WHAT YOU ARE ASKED TO DO: Exact wording is needed for every line from the one holding "6. Этап обобщения" to the end of the records below; write those lines out and omit the pictures.
┌─ DATA RECORDS
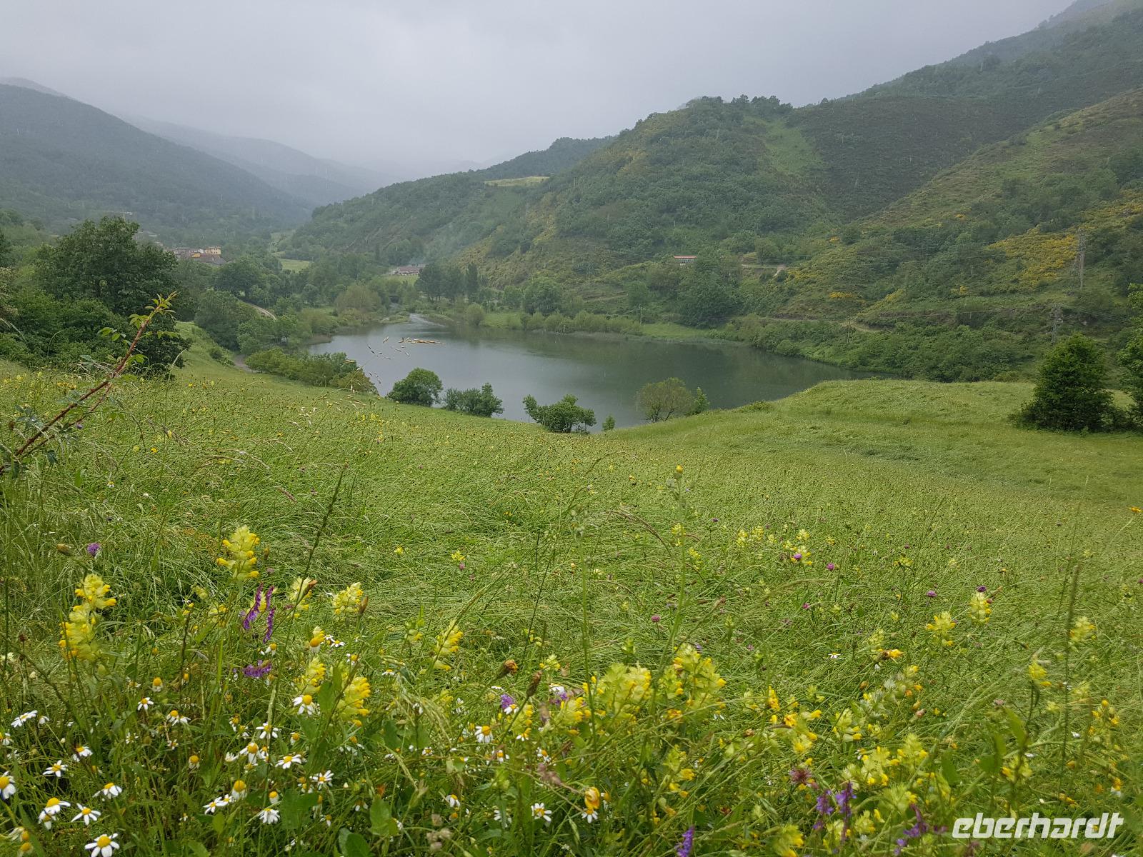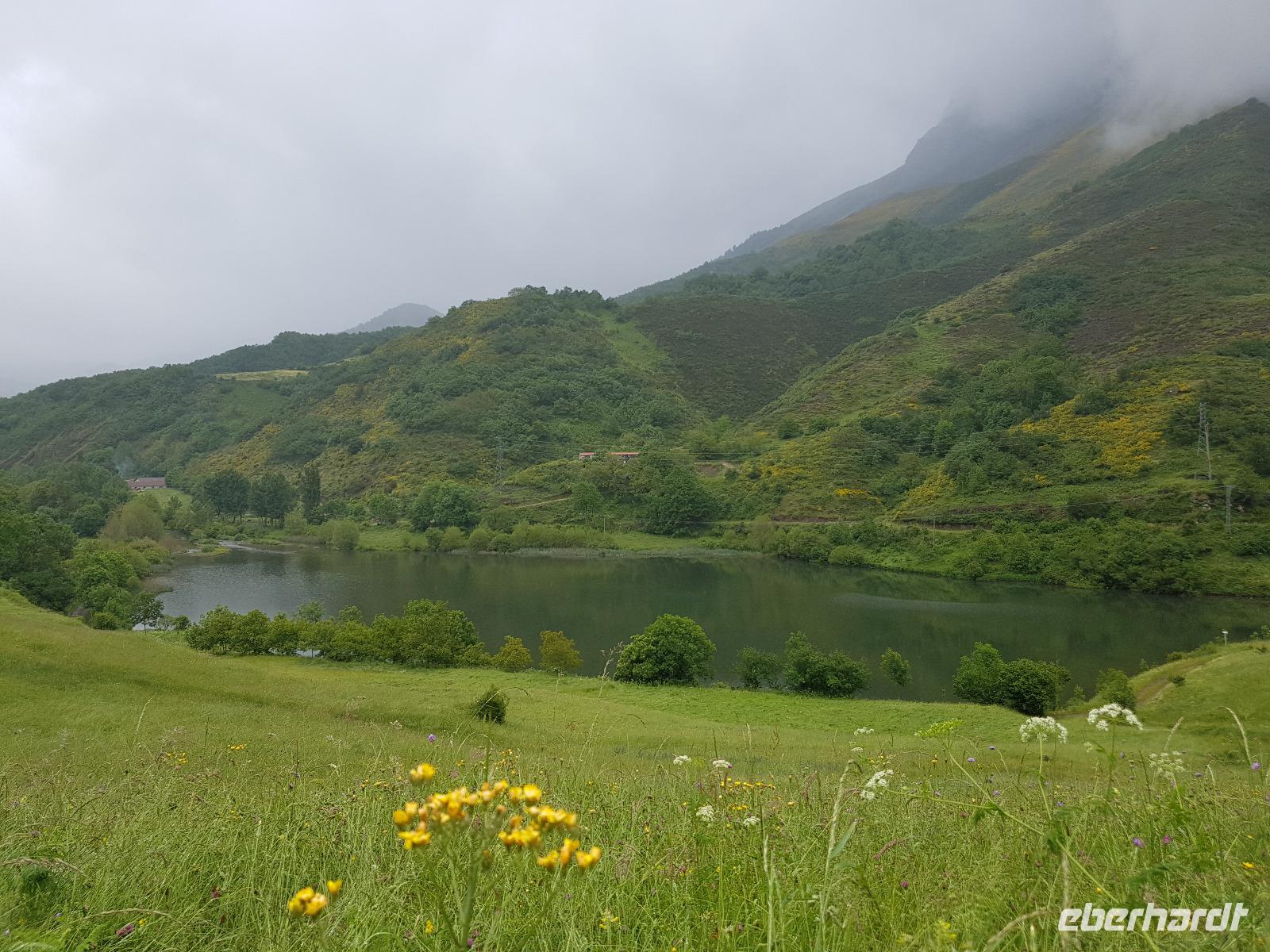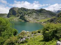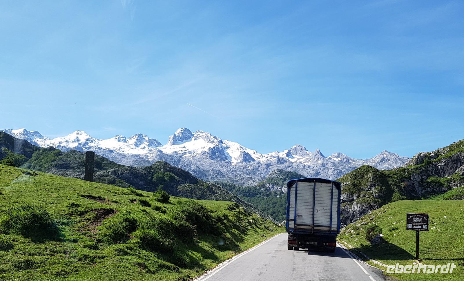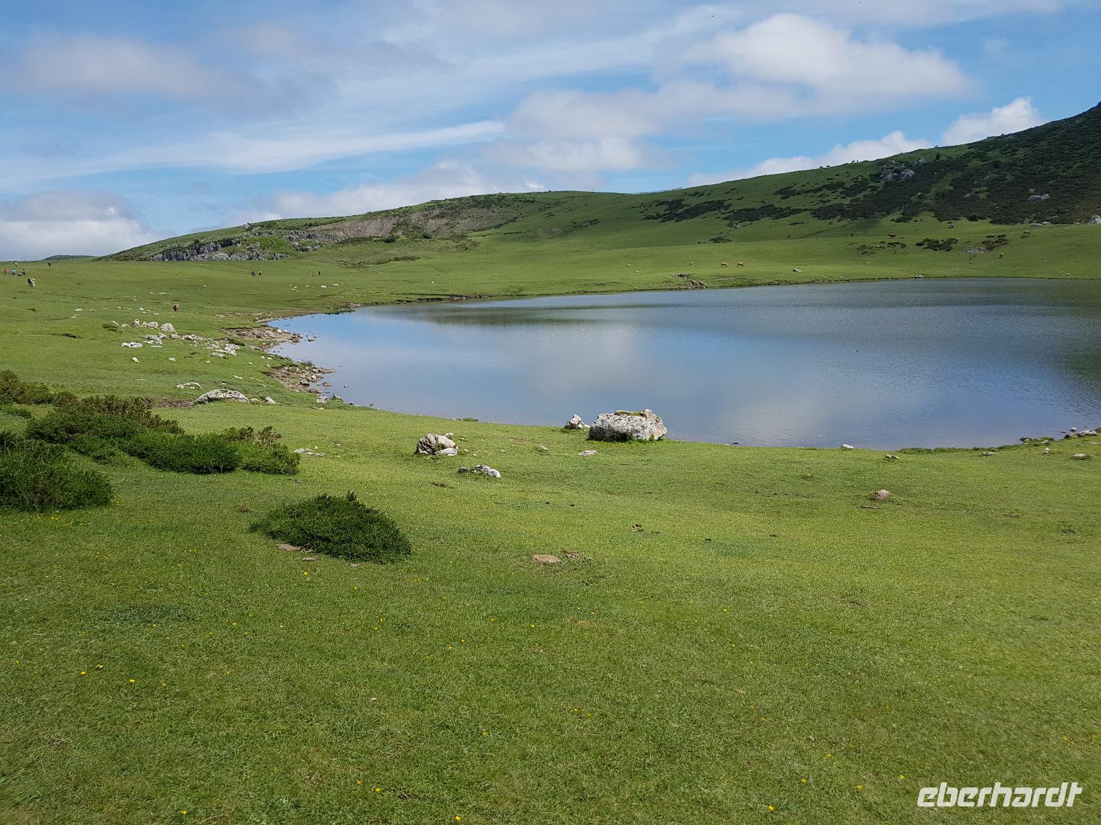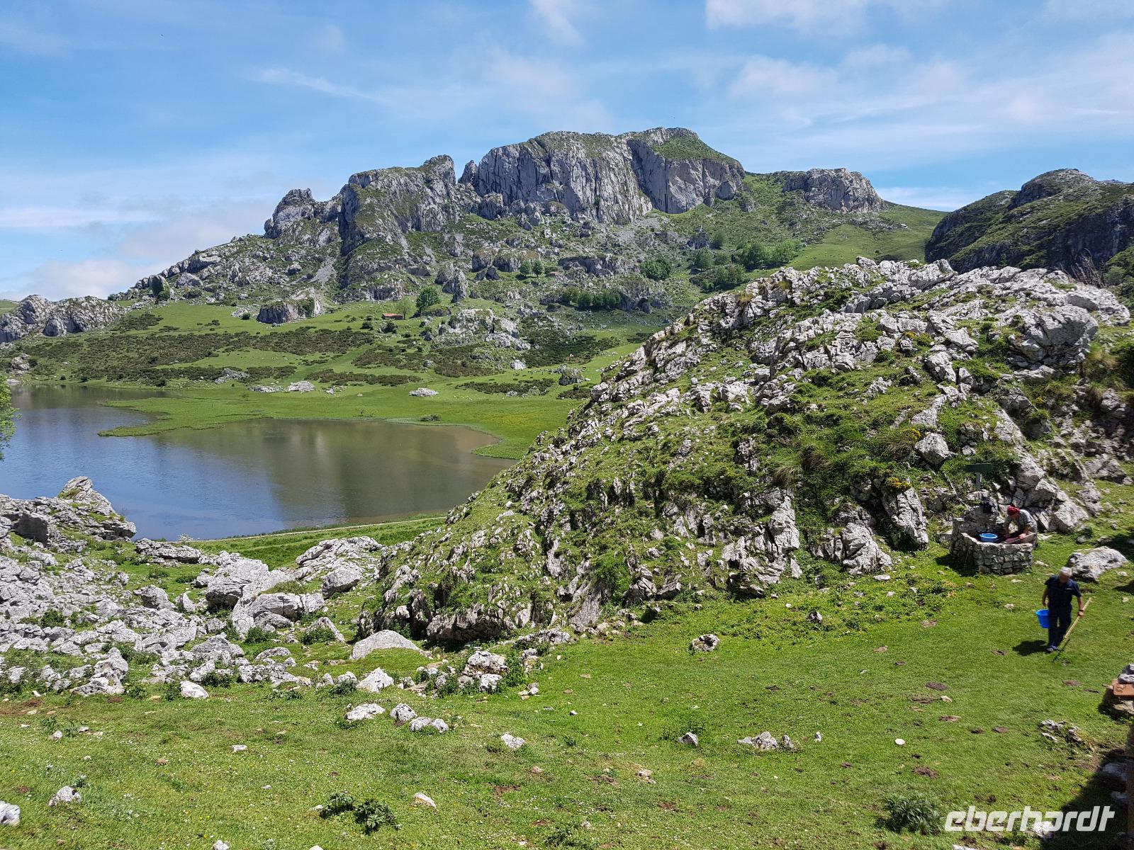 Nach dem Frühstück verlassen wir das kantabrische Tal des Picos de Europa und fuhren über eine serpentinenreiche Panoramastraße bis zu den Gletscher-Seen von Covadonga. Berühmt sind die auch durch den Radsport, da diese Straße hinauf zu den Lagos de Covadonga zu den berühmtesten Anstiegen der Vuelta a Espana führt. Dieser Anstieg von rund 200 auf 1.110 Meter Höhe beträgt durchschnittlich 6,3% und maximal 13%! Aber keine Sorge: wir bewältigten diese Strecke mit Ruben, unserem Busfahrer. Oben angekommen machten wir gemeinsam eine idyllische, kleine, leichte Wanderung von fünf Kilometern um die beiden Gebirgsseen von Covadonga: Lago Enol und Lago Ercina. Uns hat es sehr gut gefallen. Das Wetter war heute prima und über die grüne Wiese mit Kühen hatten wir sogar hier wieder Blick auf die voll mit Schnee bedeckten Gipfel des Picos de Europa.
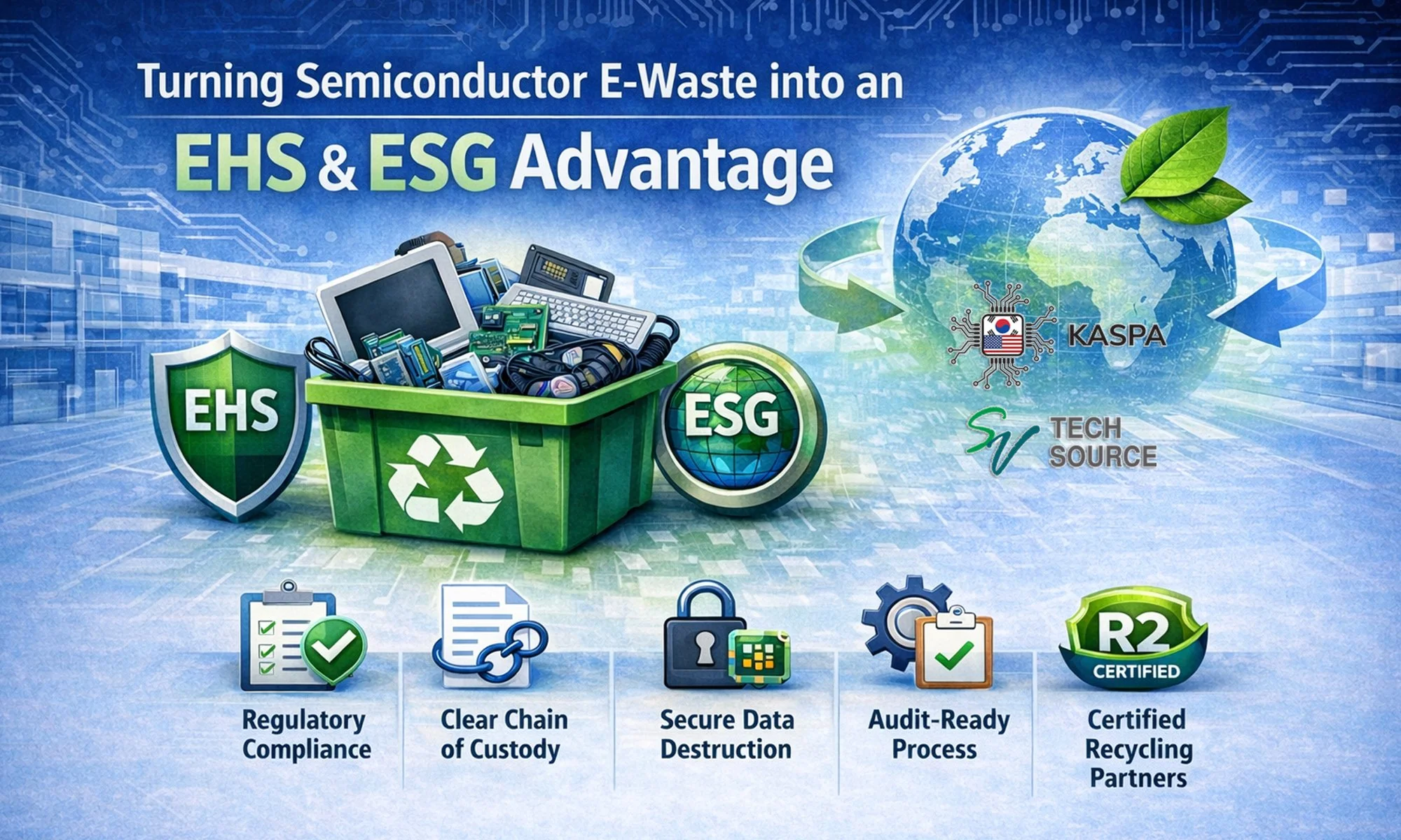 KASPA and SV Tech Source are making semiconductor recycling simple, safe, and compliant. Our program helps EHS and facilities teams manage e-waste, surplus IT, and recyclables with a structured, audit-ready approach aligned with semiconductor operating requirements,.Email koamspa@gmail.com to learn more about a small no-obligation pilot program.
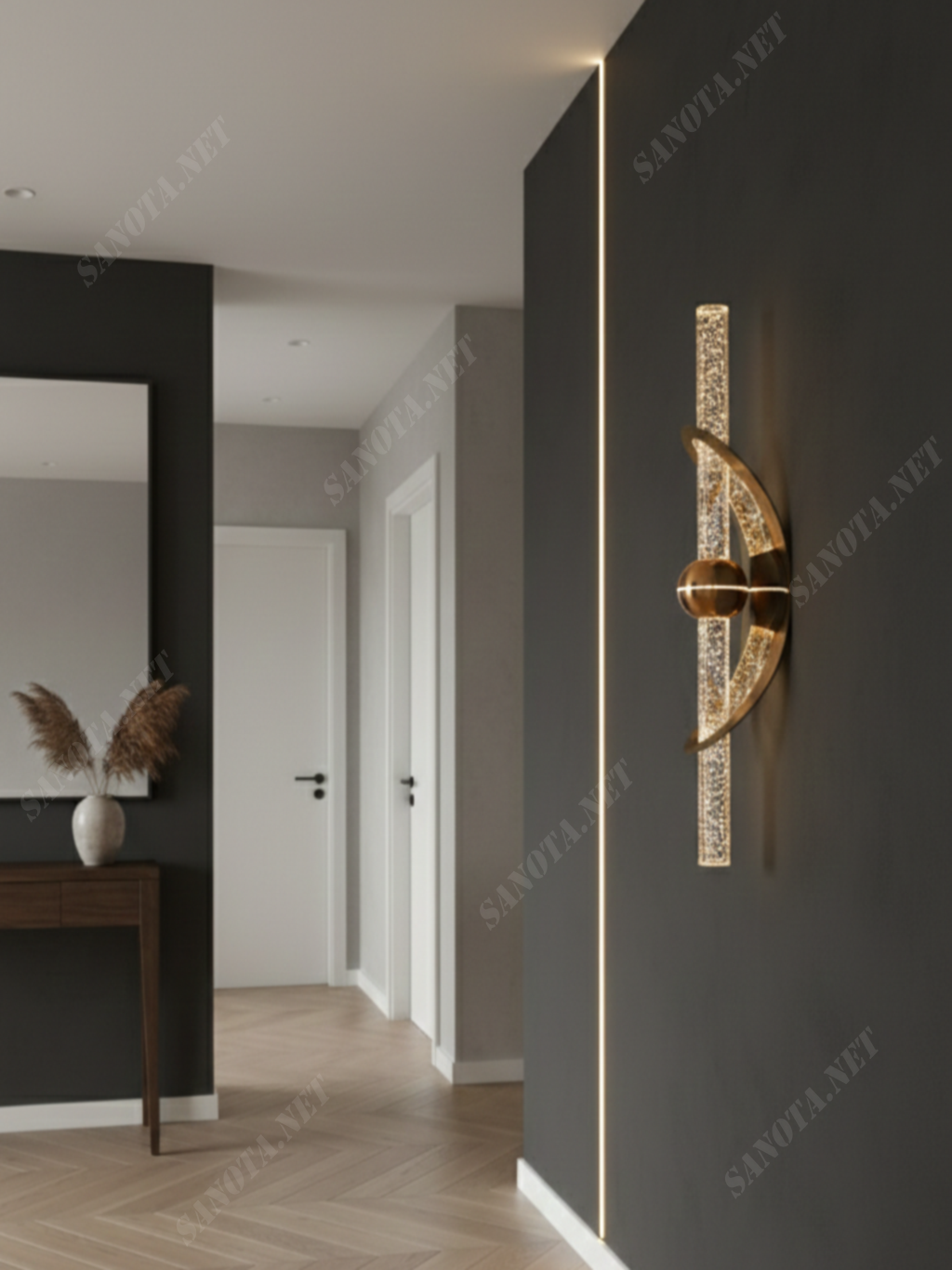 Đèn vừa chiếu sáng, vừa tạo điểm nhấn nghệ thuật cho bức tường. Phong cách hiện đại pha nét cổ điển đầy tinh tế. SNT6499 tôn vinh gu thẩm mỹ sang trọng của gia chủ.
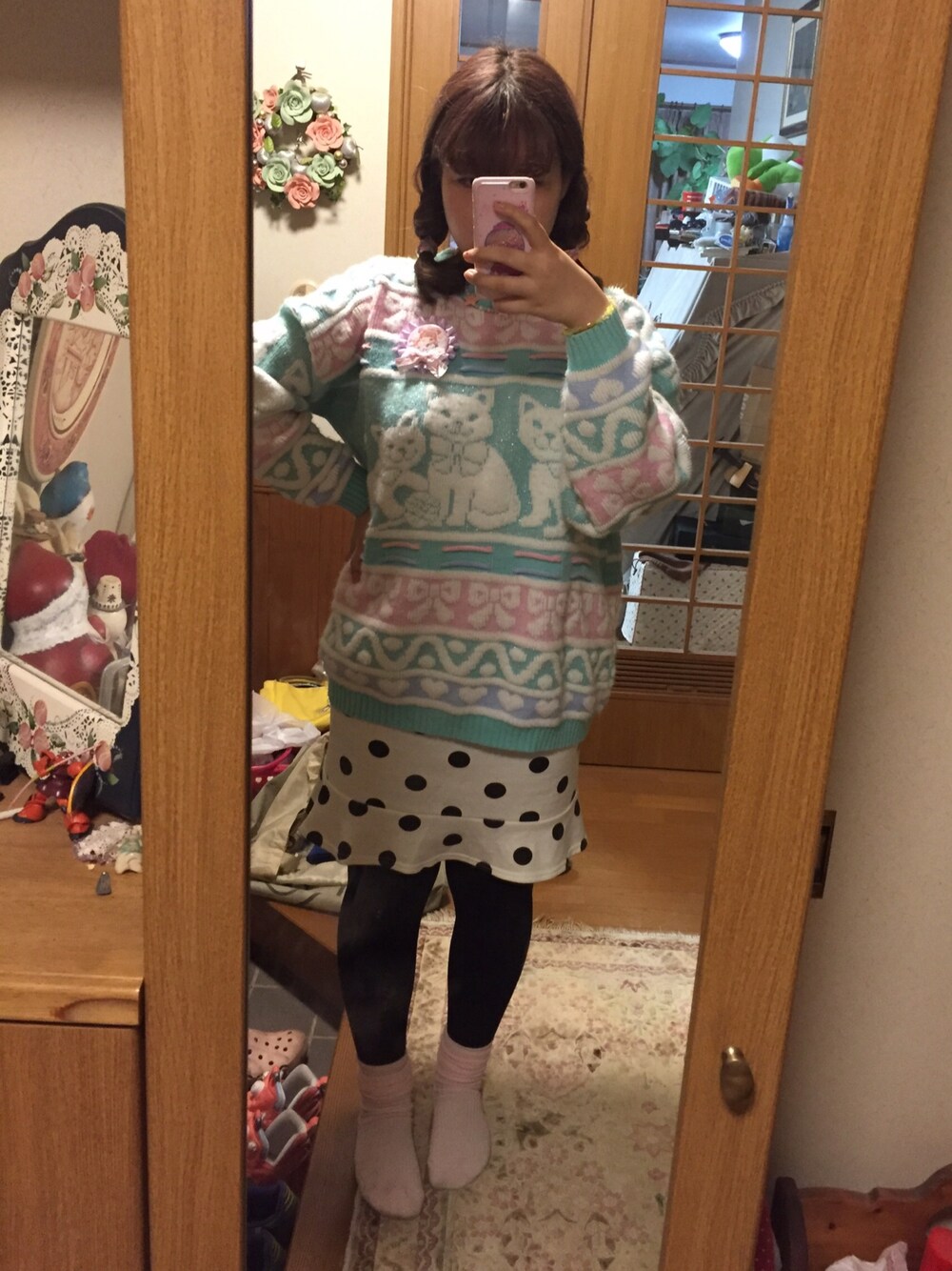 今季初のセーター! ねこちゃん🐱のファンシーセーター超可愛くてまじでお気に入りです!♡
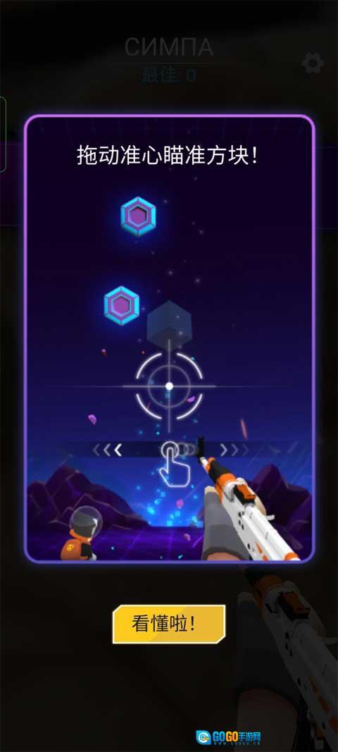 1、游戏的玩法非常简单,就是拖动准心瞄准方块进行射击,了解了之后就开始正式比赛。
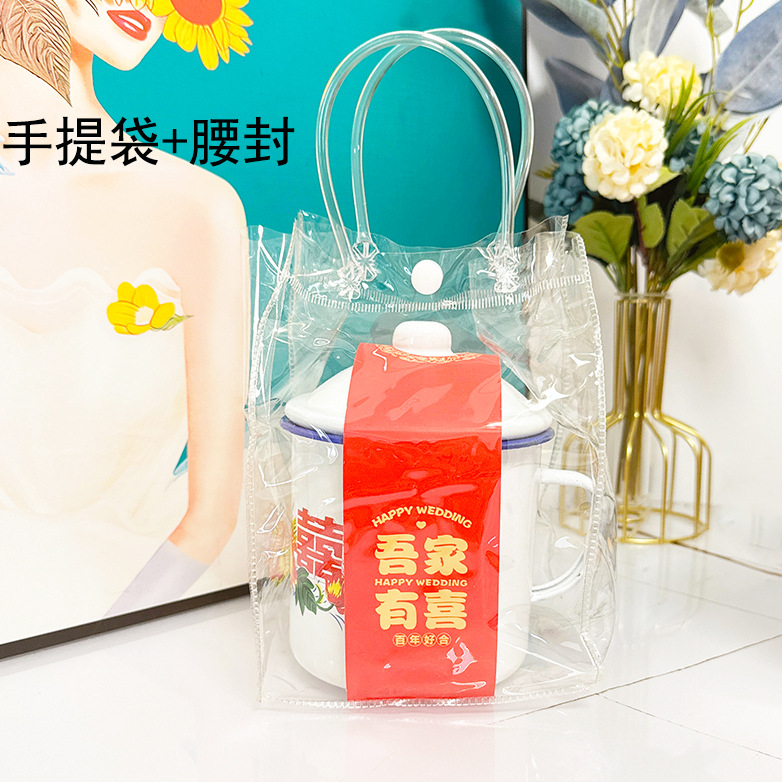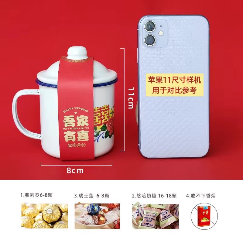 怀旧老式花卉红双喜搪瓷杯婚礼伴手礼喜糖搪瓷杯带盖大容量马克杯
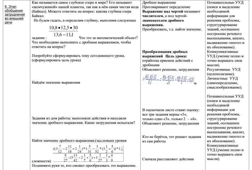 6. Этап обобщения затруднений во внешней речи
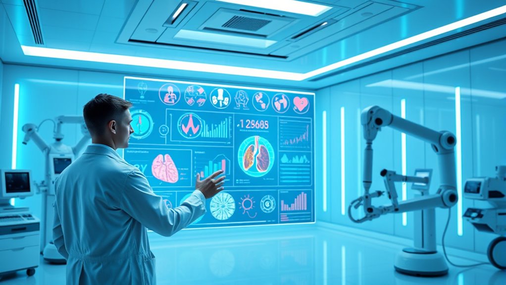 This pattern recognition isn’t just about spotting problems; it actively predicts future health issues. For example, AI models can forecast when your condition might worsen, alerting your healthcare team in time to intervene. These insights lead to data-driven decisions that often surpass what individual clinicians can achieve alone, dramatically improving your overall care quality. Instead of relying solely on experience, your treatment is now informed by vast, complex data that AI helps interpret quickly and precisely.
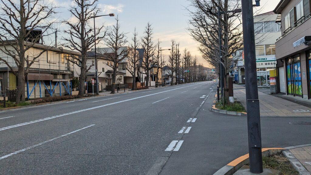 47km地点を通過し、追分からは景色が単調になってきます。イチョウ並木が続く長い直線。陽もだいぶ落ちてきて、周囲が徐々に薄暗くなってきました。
└─
REPLY:
 6. Этап обобщения затруднений во внешней речи
 This pattern recognition isn’t just about spotting problems; it actively predicts future health issues. For example, AI models can forecast when your condition might worsen, alerting your healthcare team in time to intervene. These insights lead to data-driven decisions that often surpass what individual clinicians can achieve alone, dramatically improving your overall care quality. Instead of relying solely on experience, your treatment is now informed by vast, complex data that AI helps interpret quickly and precisely.
 47km地点を通過し、追分からは景色が単調になってきます。イチョウ並木が続く長い直線。陽もだいぶ落ちてきて、周囲が徐々に薄暗くなってきました。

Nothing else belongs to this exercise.